Other Asian MPs followed later, people like Rostan Aziz, the later Abbas Gulamali, Azam Premji of Kigoma later to be dethroned on a citizenship technicality, Amirali Mulji, Shamin Khan, now Deputy Minister for Women and Children Affairs, Mohamed Sidiq of Morogoro, Yasmin Aloo, nominated to parliament on a special women’s seat and Baby Mawami, the former NEC member from Dodoma.
As for captains of industries, there are numerous South Asians who played their part in the past before nationalization, not forgetting many who are now prominent businessmen, industrialists and academicians in their won right.
If uzawa is construed to mean Tanzanians of black origin than the question of uzawa is not equal to patriotism, for then this does not holder water as there are many uzawa and non-uzawa who have been, or are not, patriots to their country.
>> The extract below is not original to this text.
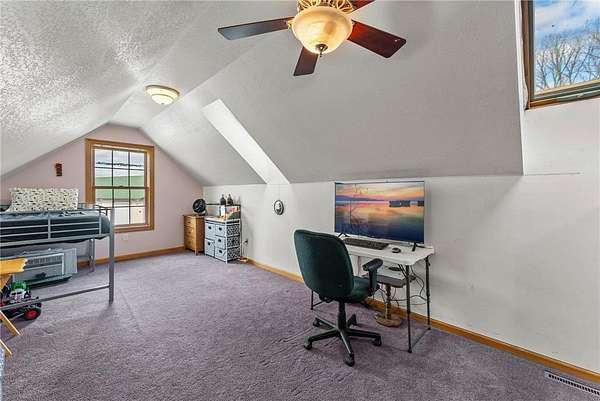 Outdoor amenities include panoramic views from the low-maintenance deck with fiberglass railings, solid brick exterior, an in-ground sprinkler system, and fenced pet area. Car enthusiasts or hobbyists will love the 70x40 heated garage with in-floor heat, RV parking, and three 12’ doors. Ample space for gardens and hobby farm ideas.

The fact that the uzawa debate has now been unbanned within the ruling party, the CCM, is a welcome move. Free ideas and thoughts should be allowed to prevail as long as they do not get out of control and generate into chaos.
We have to bear in mind that Dar es Salaam, with a population nearing four million and with the majority of the people living below the poverty line, can resort ot civil commotion at the slightest pretext and with devastating consequences.
At the moment what Tanzanians of all races, colour, creed or religion should be crusading for is good governance so that poverty can be tackled on all fronts.
The gap between the rich and the poor which is widening day by day is the root cause of all the problems in the country.
The present corrupt oligarchy in power is totally indifferent to the problems of the majority.
It is bent on looting and accumulating as much as possible for itself, just as was done by the previous corrupt administrations.